Records from a collection
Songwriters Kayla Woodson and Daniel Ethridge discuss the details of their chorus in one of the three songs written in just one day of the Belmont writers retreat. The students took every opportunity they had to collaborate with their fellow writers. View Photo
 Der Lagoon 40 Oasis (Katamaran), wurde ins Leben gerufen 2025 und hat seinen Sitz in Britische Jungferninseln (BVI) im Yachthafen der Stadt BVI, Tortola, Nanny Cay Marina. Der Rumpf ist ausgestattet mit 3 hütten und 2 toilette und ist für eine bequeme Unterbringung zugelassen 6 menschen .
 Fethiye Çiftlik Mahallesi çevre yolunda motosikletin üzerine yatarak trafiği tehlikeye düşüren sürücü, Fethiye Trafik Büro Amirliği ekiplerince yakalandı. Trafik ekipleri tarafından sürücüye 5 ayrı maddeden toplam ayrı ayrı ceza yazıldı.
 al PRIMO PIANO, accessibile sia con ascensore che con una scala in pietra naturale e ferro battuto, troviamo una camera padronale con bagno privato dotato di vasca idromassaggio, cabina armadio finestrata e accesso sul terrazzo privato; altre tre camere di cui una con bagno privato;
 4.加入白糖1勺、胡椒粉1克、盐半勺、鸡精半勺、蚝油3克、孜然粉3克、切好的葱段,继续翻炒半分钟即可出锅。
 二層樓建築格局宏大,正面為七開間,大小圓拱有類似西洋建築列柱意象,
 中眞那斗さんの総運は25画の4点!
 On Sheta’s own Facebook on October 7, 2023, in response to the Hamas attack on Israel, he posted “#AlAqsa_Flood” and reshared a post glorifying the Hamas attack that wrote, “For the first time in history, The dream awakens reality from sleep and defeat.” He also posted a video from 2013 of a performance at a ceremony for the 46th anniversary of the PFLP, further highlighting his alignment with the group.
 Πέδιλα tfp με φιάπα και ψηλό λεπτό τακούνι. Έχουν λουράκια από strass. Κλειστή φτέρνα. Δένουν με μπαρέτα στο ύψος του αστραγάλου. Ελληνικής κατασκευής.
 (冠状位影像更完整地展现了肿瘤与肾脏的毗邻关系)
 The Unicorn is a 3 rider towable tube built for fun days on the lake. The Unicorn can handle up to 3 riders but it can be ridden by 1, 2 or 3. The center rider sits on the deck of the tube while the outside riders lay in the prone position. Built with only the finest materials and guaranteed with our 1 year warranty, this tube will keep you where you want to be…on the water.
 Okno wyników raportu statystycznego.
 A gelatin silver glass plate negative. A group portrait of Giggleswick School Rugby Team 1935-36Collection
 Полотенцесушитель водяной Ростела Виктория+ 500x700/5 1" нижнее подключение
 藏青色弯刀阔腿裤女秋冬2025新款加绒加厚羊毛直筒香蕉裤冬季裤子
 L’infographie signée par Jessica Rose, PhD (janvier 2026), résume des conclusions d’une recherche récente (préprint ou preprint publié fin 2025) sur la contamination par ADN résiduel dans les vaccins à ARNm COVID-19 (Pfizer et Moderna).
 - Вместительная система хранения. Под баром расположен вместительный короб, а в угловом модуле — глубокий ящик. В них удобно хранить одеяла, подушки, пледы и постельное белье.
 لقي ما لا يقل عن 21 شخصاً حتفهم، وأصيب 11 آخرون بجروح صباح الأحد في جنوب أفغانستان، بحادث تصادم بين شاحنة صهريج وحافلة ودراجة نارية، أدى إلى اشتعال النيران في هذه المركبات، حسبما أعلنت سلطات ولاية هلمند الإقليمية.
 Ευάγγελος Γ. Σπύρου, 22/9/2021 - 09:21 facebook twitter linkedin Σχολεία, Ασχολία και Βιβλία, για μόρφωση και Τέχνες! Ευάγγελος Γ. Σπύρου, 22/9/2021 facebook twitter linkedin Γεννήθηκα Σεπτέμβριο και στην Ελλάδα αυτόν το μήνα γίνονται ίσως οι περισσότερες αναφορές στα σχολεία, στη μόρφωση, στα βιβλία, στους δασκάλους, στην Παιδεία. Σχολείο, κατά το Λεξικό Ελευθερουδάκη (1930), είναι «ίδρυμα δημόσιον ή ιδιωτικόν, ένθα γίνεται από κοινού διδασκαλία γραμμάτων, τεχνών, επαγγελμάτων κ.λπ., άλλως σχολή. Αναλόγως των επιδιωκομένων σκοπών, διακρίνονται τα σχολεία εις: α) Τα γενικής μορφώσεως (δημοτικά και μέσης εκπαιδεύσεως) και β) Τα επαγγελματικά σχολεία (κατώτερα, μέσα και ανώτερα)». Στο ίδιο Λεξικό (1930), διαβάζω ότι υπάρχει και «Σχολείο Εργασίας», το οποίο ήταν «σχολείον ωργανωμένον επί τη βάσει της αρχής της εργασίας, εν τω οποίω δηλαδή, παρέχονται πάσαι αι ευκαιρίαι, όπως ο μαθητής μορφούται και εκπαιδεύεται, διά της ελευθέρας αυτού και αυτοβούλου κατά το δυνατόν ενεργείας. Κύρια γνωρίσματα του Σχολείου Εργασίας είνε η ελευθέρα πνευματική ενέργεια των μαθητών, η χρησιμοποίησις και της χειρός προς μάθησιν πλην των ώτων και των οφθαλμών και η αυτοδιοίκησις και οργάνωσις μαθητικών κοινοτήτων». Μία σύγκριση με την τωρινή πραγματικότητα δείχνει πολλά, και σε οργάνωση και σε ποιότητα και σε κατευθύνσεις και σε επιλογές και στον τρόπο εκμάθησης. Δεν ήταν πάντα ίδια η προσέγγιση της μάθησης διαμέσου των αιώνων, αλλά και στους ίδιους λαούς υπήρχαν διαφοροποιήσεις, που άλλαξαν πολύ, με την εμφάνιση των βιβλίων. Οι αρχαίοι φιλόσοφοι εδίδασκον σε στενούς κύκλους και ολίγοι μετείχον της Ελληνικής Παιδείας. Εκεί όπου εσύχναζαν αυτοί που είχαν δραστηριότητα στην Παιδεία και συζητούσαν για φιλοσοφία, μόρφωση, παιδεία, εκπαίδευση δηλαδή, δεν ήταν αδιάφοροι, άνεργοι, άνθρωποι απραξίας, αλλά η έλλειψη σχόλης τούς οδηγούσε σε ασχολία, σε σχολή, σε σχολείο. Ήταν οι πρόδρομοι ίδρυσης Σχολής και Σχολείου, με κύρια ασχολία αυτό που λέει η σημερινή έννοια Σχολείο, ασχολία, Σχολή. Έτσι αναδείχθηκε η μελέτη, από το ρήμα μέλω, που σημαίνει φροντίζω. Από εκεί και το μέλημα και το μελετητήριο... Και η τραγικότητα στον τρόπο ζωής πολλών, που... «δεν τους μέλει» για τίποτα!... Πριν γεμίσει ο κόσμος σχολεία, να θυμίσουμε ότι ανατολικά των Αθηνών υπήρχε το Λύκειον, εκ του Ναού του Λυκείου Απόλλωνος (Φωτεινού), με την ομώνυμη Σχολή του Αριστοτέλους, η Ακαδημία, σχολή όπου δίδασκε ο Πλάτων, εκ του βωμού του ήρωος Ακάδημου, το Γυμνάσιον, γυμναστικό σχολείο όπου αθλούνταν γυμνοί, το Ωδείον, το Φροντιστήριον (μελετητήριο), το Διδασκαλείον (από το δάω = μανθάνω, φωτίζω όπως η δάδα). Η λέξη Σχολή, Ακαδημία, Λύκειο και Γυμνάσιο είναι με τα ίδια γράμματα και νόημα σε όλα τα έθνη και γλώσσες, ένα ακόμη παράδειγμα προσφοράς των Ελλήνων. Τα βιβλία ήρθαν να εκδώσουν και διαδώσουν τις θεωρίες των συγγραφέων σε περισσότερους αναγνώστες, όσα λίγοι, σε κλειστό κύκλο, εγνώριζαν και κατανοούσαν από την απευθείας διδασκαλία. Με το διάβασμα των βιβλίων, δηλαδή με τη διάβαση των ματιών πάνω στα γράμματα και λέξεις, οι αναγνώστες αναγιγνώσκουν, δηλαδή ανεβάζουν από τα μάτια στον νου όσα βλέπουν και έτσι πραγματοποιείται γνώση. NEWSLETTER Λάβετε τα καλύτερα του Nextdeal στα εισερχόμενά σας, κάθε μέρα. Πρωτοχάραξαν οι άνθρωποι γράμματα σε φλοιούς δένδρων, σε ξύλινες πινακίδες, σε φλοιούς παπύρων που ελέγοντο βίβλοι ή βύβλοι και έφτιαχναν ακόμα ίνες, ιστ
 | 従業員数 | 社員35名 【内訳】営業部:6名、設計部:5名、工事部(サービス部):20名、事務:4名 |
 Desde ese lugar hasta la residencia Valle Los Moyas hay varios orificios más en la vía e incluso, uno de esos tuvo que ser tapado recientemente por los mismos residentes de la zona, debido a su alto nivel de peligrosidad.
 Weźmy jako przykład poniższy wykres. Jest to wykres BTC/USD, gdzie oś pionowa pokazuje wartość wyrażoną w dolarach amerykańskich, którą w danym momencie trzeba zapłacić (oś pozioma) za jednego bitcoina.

Task description
Looking at the data above, return every line from the one with "藏青色弯刀阔腿裤女秋冬2025新款加绒加厚羊毛直筒香蕉裤冬季裤子" down to the one with "L’infographie signée par", exactly and inclusively.

Exercise response
 藏青色弯刀阔腿裤女秋冬2025新款加绒加厚羊毛直筒香蕉裤冬季裤子
 L’infographie signée par Jessica Rose, PhD (janvier 2026), résume des conclusions d’une recherche récente (préprint ou preprint publié fin 2025) sur la contamination par ADN résiduel dans les vaccins à ARNm COVID-19 (Pfizer et Moderna).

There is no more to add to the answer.